Zorah you are quite right, Androgenic Alopecia is male pattern baldness which is caused by too much free testosterone. However, both my derm and gyn agreed that while I had too much free test, I did NOT have AA. AA is usually very difficult to reverse and since I've been on the anti-androgen and taking the Iron supps, my hair has grown back.

I have to admit I'm still vv confused over the whole alopecia thing. But as my docs are happy and my hair is growing back, I guess being confused isn't too bad.

Quote:
Did you have hair loss at your temples, or just thinning all over?
I had general thinning all over the top of my head, but especially at the crown, where my bangs start. I didn't really have thinning at the temples, and the only place my hair is still as full as it used to be is at the very back of my head.

Quote:
I'm curious because I suspect low iron may be exacerbating my hair loss (I should get my test results on Wednesday), but my hair loss seems to be mainly due to excess androgens, since I have miniaturization and a rapidly receding hairline (as well as thinning all over).
If you suspect exess androgens, talk to your doc/derm/gyn about prescribing an anti-androgen (like Spiro or Androcur) as it helped me enormously! But the low iron also complicated the hairloss - my iron in my blood was normal, but my iron stores were almost completely depleted! I've been on the supps since Feb.

I'd say don't be scared/shy/ashamed to talk to a derm or a gp or a doc about the hairloss. But be warned - the first derm told me I had AA, she could not treat it and I would be losing all my hair. And she didn't even have a good look at my hairloss, just glanced and dx'ed me. I was so upset I cried all the way home.
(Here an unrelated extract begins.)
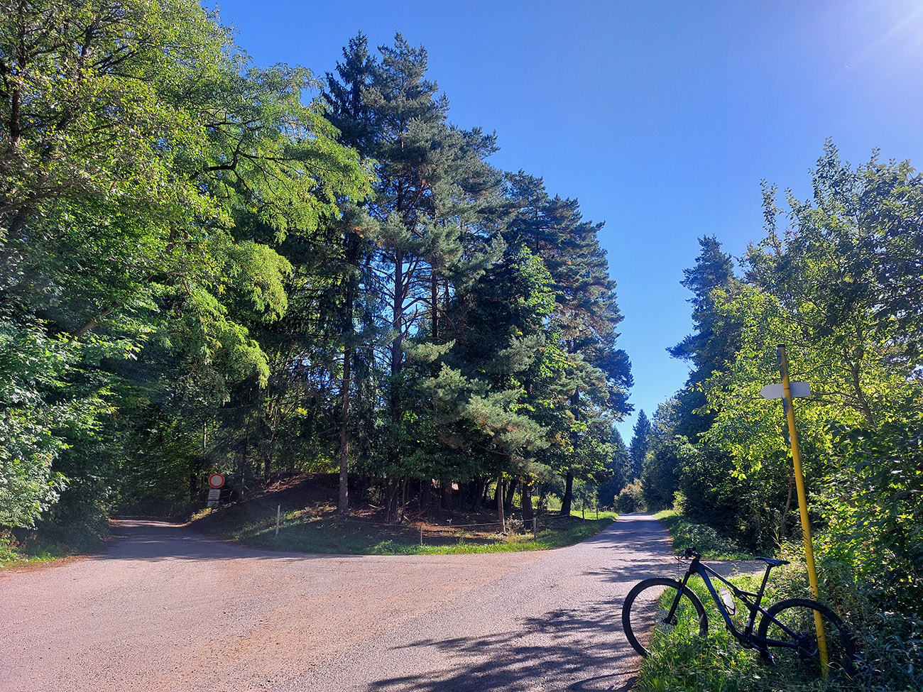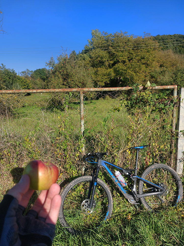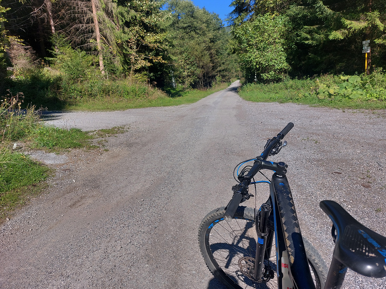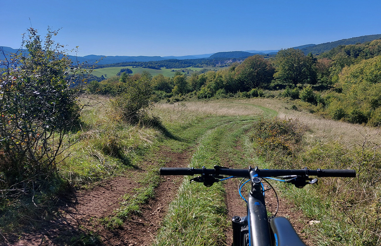 Prejazd do Ráztoky poza Hradisko, to bol asfaltový výjazd dolinou k chatám, strmý záver cez lúku a hore lesom od poslednej chaty, ale najmä dlhý a strmý zjazd cez lúky – ten by som opačným smerom teda nechcel ísť: hnusne strmý je a cesta často ešte aj vymletá.

The 2nd derm I went to did a much more intense exam, looking at the hair that were falling out, trying to pluck a hair out and looking at it. Asking me q's about my general health, family history etc. Explained to me how your hair's natural growth cycle works and how something that happened a year ago could cause your hair to go haywire now. He also explained all 3 (or 4?) alopecias to me and then why I did not fit into any of them.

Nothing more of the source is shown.